- **Source data**:
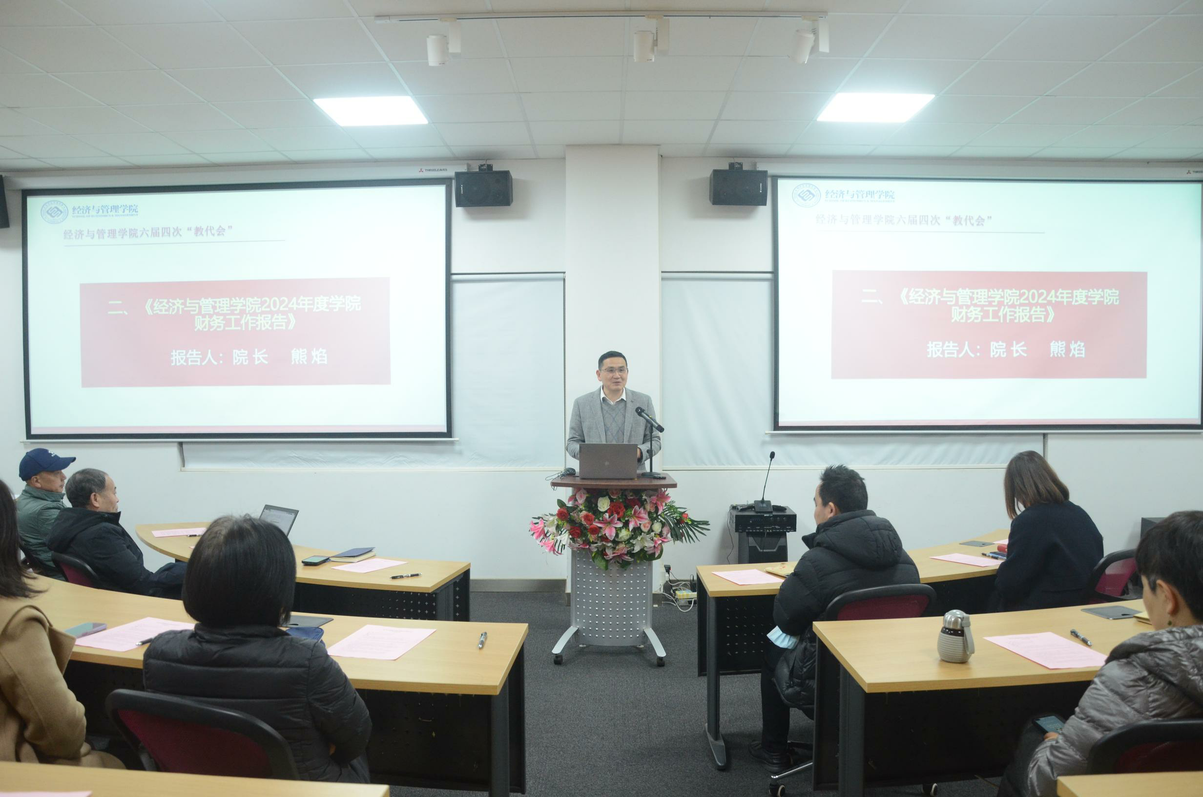 院长熊焰代表学院作《经济与管理学院2024度学院工作报告》《经济与管理学院2024度学院财务工作报告》。他表示,我们以习近平新时代中国特色社会主义思想为指导,认真学习贯彻全国教育大会精神、党的二十届三中全会精神,把牢社会主义办学方向,围绕学校党纪学习教育、巡视工作、建校70周年、本科教育教学评估等重大工作,聚焦学院管理科学与工程博士点申报、人才培养改革、AACSB国际商学院认证等核心任务,在全院师生的共同努力下,特别是广大代表的拼搏努力下,所书写的每一笔都力透纸背,所走过的每一步都掷地有声,推动学院取得新发展。希望各位代表做学院发展的建言者、推动者、行动者,大家团结一心,干字当头,奋力一跳,全面深化改革,为教育强国建设和学校高质量发展贡献经管人的智慧和力量。
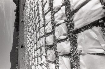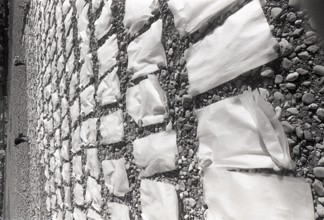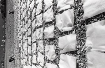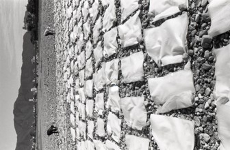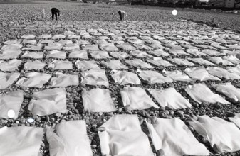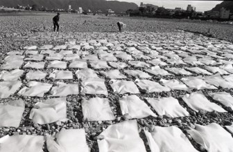 油紙天日干し / 人,布,山,建物,河原,岩石,橋,植物,木
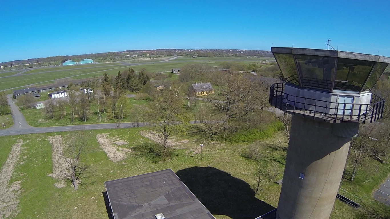 Herunder: Fra Vejrtjenesten og selvfølgelig især tårnet var der en fremragende udsigt over flyvestationen. Foto: Steen Pedersen, screen shot fra drone video maj 2016 [7-4].
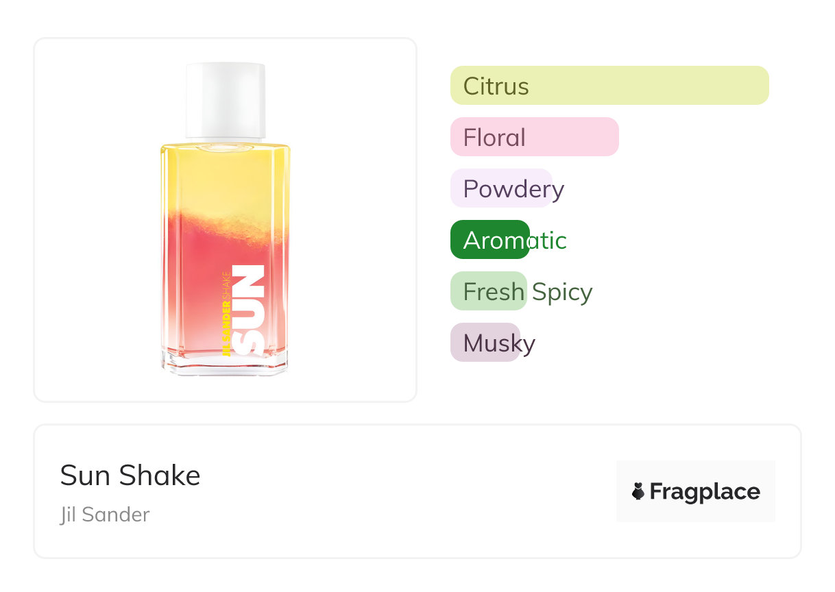 Sun Shake, from Jil Sander was released in 2016. The perfumer behind this creation is Nathalie Lorson. It has the top notes of Bergamot, Lemon, and Mandarin Orange, middle notes of Frangipani, Grapefruit, and Lotus, and base notes of Heliotrope, Musk, and Woody Notes.
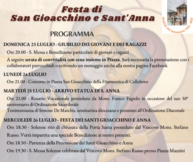 In concomitanza con il Giubileo Straordinario della Chiesa di San Giacchino di Colleferro Scalo (a 100 anni dalla sua consacrazione), la Festa di S. Anna, soprattutto per quanto riguarda il programma religioso, condivide diverse iniziative.
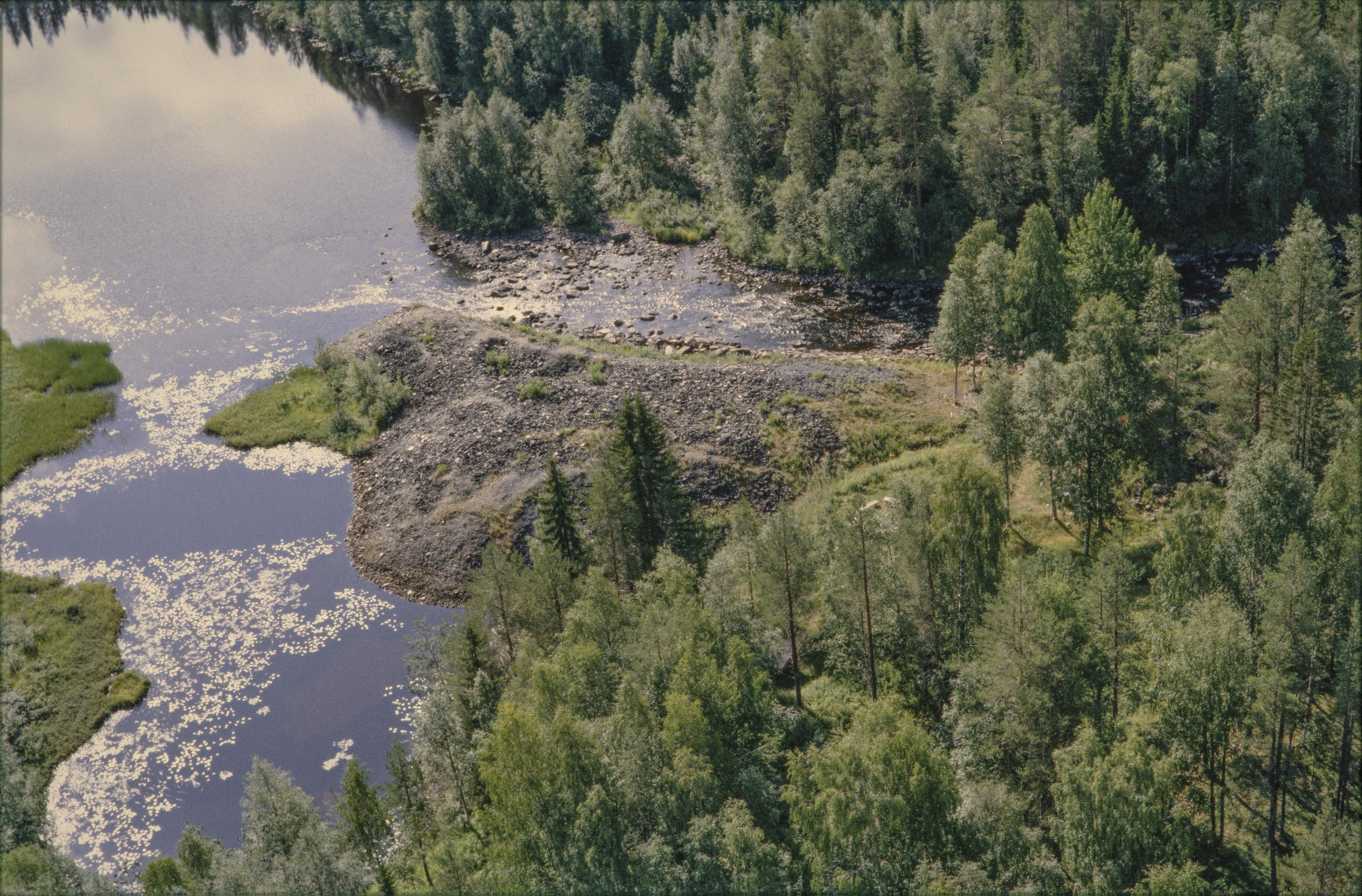 Beskrivning: Avafors bruk vid Masugnsforsen och Masugnsviken i Vitån. Bruks- och hyttlämningar RAÄnr Råneå 35:1-2 vid bildens mitt. Bilden är tagen mot (väderstreck): SV
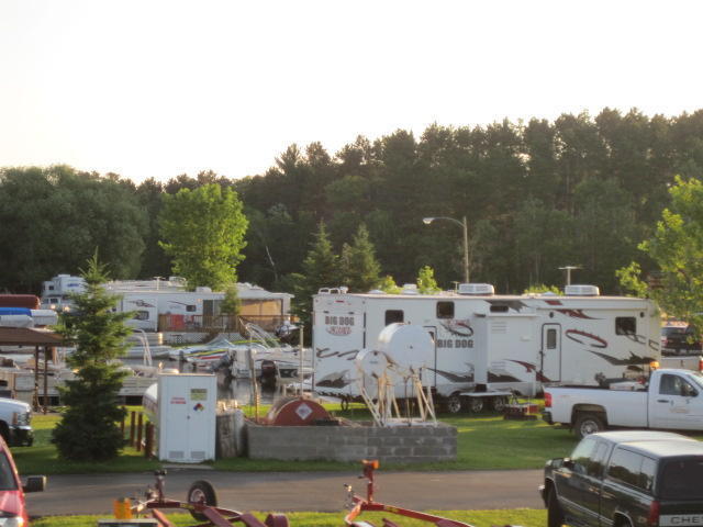 We reluctantly left our private lakeside preserve, but were glad to get back on the wide shoulder of our favourite, Highway 2. Just down the road was the Stony Point resort, which had been recommended to us as a camping spot. Wow, wall to wall RVs, just like at Bagley. We were much happier at our closed rest area!
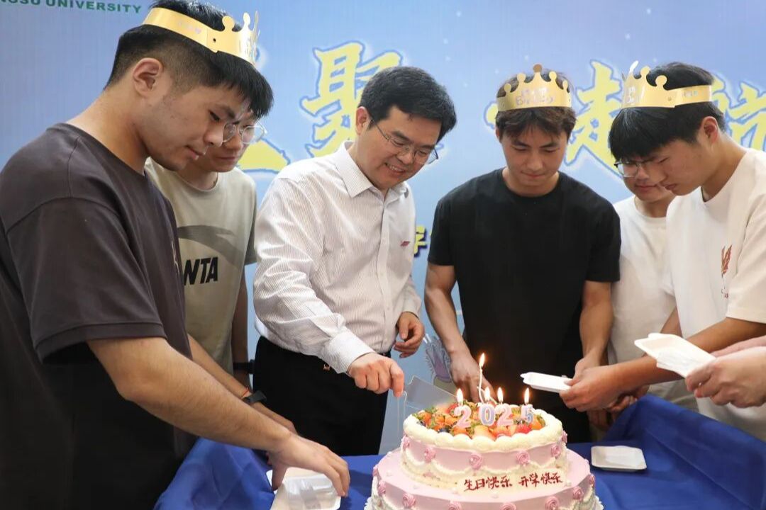 学校为迎新期间恰逢生日的72名新生精心筹办了“星聚・起航”集体生日会,让初入校园的学子真切感受到家一般的温暖。李洪波与在场师生共同唱响《生日快乐歌》,为新生送上祝福,寄语新生既要厚植家国情怀、校准人生航向,也要常怀感恩之心,在知识的海洋里收获成长,在实践的舞台上锤炼本领,最终实现自己的青春梦想。
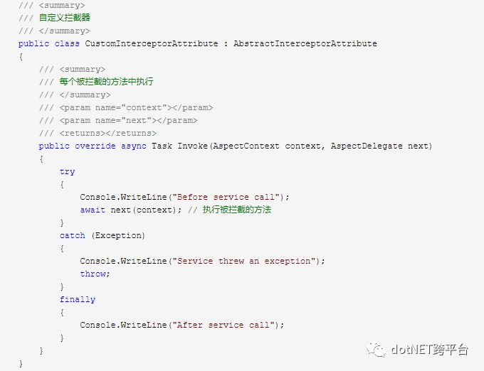 从上面的例子可以看出,如果直接使用Polly,那么就会造成我们的业务代码中混杂大量的业务无关的代码。所以,我们会使用AOP的方式来封装Polly,嗯,首先我们先找一个支持的.NET Core的AOP框架吧,目前大家都在用AspectCore(国产,作者Lemon),它采用动态动态代理/织入,并且支持异步方法的拦截。
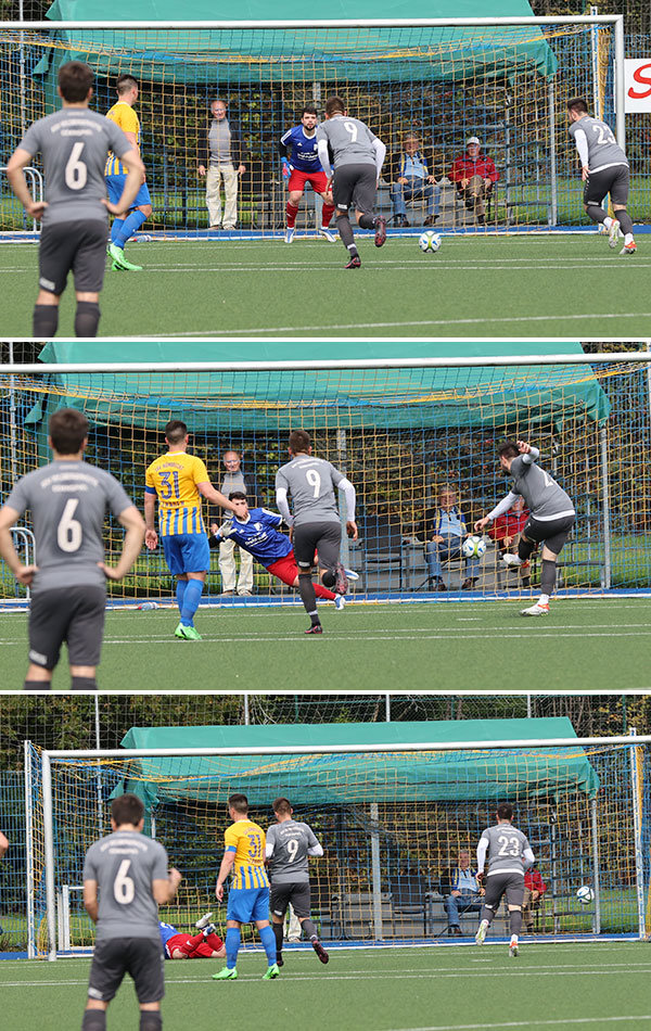 Rot gegen den Refrather Younes Badrous (78. absichtliches Handspiel auf der Torlinie).

- **About this exercise**:
Begin with the line holding "学校为迎新期间恰逢生日的72" and end with the last line of the listing. Reproduce each of those lines exactly, and leave every picture out.

- **Exercise solution**:
 学校为迎新期间恰逢生日的72名新生精心筹办了“星聚・起航”集体生日会,让初入校园的学子真切感受到家一般的温暖。李洪波与在场师生共同唱响《生日快乐歌》,为新生送上祝福,寄语新生既要厚植家国情怀、校准人生航向,也要常怀感恩之心,在知识的海洋里收获成长,在实践的舞台上锤炼本领,最终实现自己的青春梦想。
 从上面的例子可以看出,如果直接使用Polly,那么就会造成我们的业务代码中混杂大量的业务无关的代码。所以,我们会使用AOP的方式来封装Polly,嗯,首先我们先找一个支持的.NET Core的AOP框架吧,目前大家都在用AspectCore(国产,作者Lemon),它采用动态动态代理/织入,并且支持异步方法的拦截。
 Rot gegen den Refrather Younes Badrous (78. absichtliches Handspiel auf der Torlinie).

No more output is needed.